TO DO:
When you copy the material below, keep every line exact and leave each picture out.

INPUT DATA:

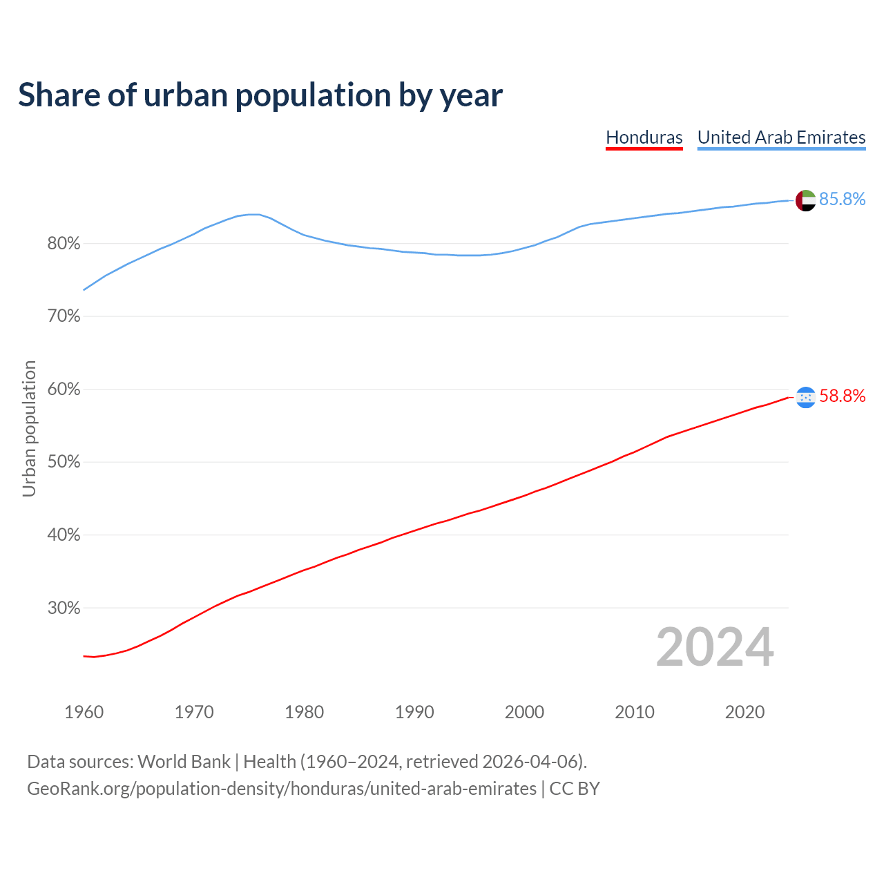 From 2004 to 2024, the share of urban population changed from 47.6% to 58.8% in Honduras and from 81.5% to 85.8% in the United Arab Emirates.
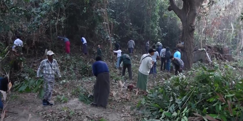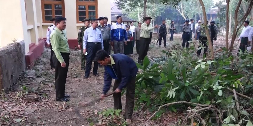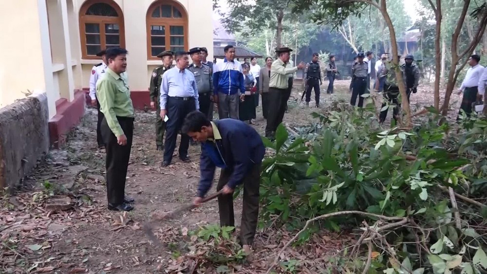 Mon State Chief Minister U Aung Kyi Thein accompanied by the State Government Ministers oversaw the clearance of bushes and garbage at No. (3) Basic Education High School campus of Mawlamyine Township on Saturday, collectively conducted by departmental personnel, Members of Myanmar Police Force and Fire Brigade, social organizations and locals.
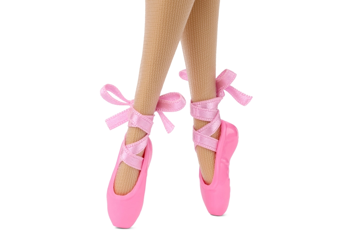 Roze balletschoentjes met sierlinten blijven stevig aan de voet van de pop zitten en maken de balletlook tot in het kleinste detail af.

RESPONSE FOR THIS EXERCISE:
 From 2004 to 2024, the share of urban population changed from 47.6% to 58.8% in Honduras and from 81.5% to 85.8% in the United Arab Emirates.
 Mon State Chief Minister U Aung Kyi Thein accompanied by the State Government Ministers oversaw the clearance of bushes and garbage at No. (3) Basic Education High School campus of Mawlamyine Township on Saturday, collectively conducted by departmental personnel, Members of Myanmar Police Force and Fire Brigade, social organizations and locals.
 Roze balletschoentjes met sierlinten blijven stevig aan de voet van de pop zitten en maken de balletlook tot in het kleinste detail af.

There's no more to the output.